Relationship Building
Formal networks within the solar energy industry are limited and fragmented. Between the public and private domain, across international boundaries, and even between industry players themselves, communication is limited. As a result, governments that have a strong interest in solar programs often have limited and inconsistent information regarding the costs and performance of the various solar technologies. From program creation through project execution, CCI convenes stakeholders, including technology developers,

material and component manufacturers, financial investors, and government officials, forging partnerships in the context of developing projects on scale that has never been previously attempted.

Strategic Planning and Assessment


A key part of our work is to advise governments on the policies and incentives necessary to stimulate the solar market and adopt our solar park model. We also prepare in-depth feasibility studies and assist in developing the plan to execute. Our research, analysis, and business modelling assess the technology and financing options, their related costs at different scales, and potential sites and transmission requirements.

Solar Energy Technologies


There are two main types of solar technology:

Photovoltaics (PV) use panels typically made of variations of semiconductor material, which capture and convert sunlight directly into electricity. A new variation of PV technology, called CVP, enhances the amount of sunlight directed onto a unit area of the semiconductor material by using a series of mirrors and lenses.

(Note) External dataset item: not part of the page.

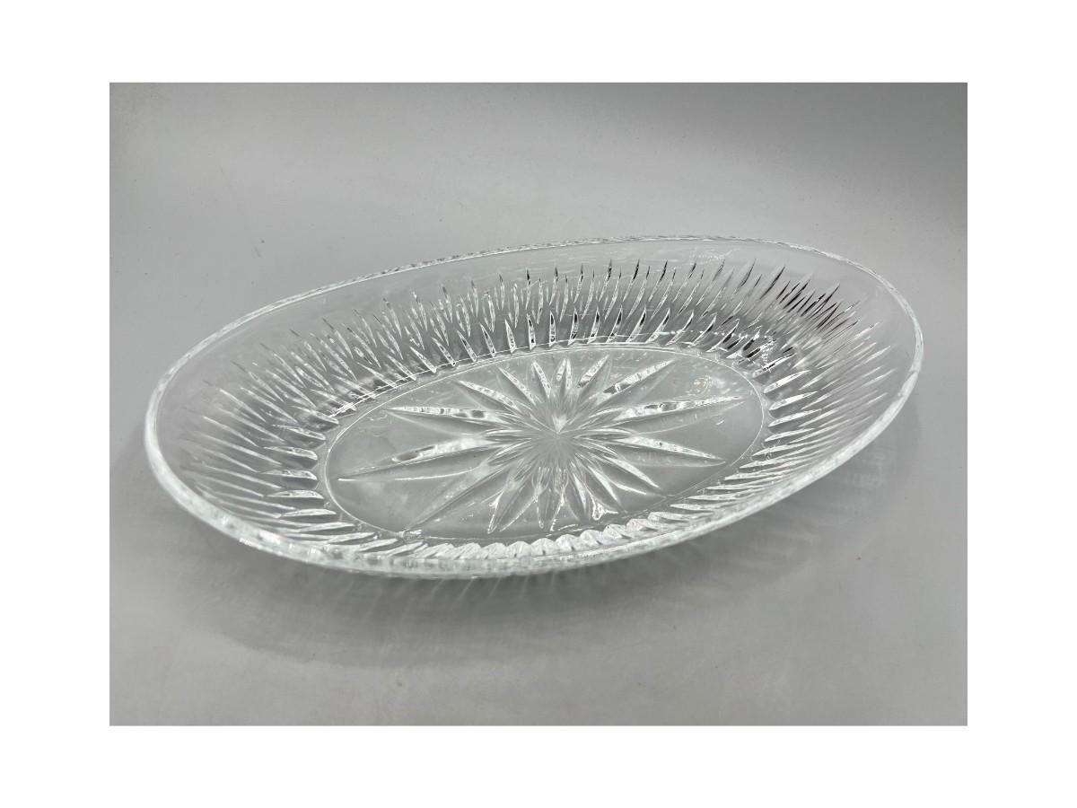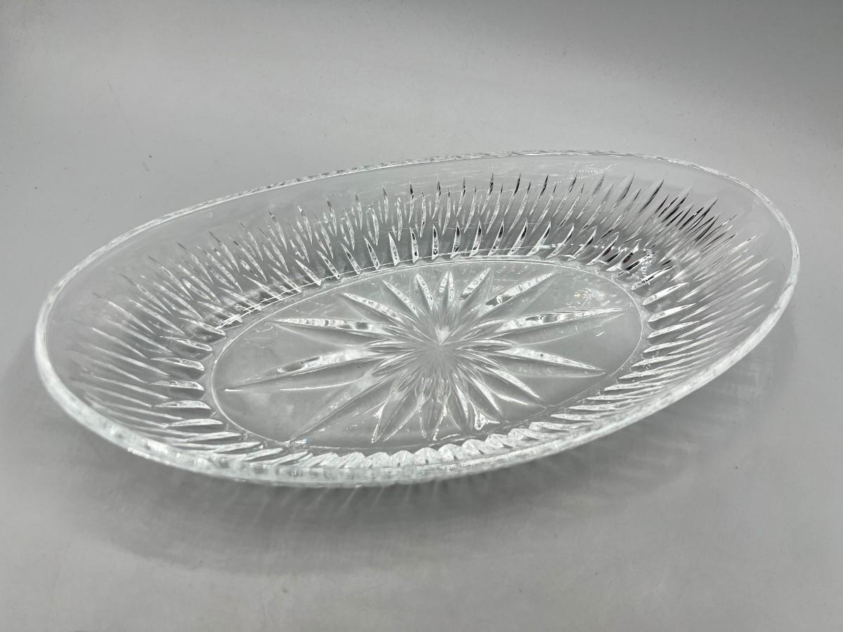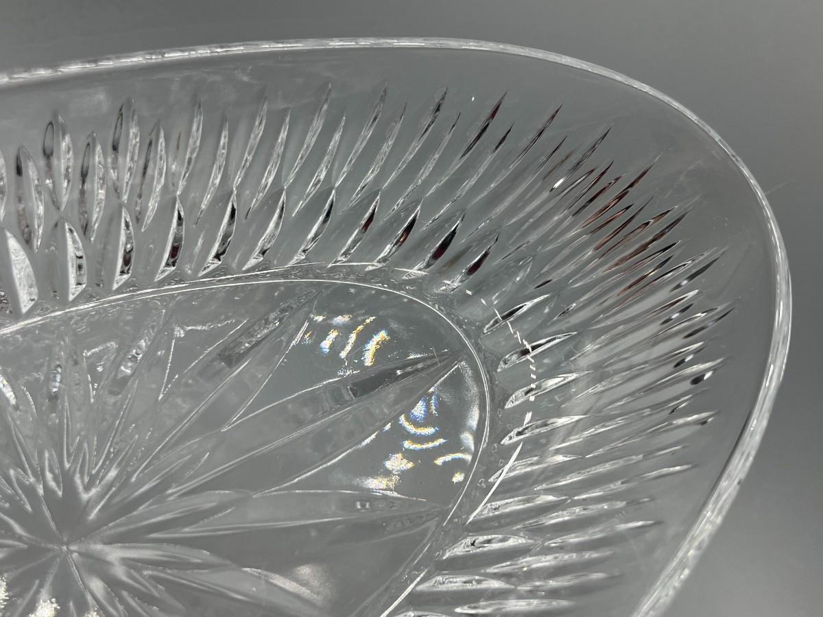 Retro Lead Crystal Glass Ribbed Patteren Boat Dish

Concentrating solar power (CSP) technology, also known as "solar thermal," uses mirrors and/or lenses to concentrate sunlight, using the heat to generate electricity through conventional steam turbines or engines. Both PV and CSP emit no carbon and can supply a meaningful portion of electricity demand in countries with high levels of sunlight. Many solar technologies can be combined with various forms of storage facilities (for example, thermal storage in molten salt tanks) to provide a predictable, secure, and flexible energy source. By "oversizing" plants to exceed daytime electricity demand, companies can store the excess output and deploy the electricity around-the-clock or on an as-needed basis. Solar energy can be built readily on a large scale. For PV, there is significant and growing manufacturing capacity, with substantial potential for additional manufacturing capacity growth. For CSP, the various methods of capturing the suns heat are not particularly complex, nor difficult to maintain. The steam turbines and engines used to produce electricity are similar to those of a coal plant, and therefore are commercially available and present few uncertainties. Even so, successful plants require careful site selection, often with incremental transmission and other infrastructure investment required.

Solar Parks
Our approach centers on a model for solar parks in which multiple companies build optimally scaled solar plants on adjacent parcels of land. Because a solar plant incurs most of its lifecycle costs during construction, this approach lowers capital and construction costs by:

Combining purchasing power for raw materials, components, and construction/engineering services Allocating infrastructure costs and risks across a larger asset base Accelerating government permitting processes and shortening development time

In this context, we help governments evaluate costs and establish a turnkey set of incentives, permitting and financing mechanisms that create a stable and predictable investment environment. Governments with solar development efforts already underway still can adopt this model, either incorporating existing projects into the solar park, or simply granting these projects the same incentives.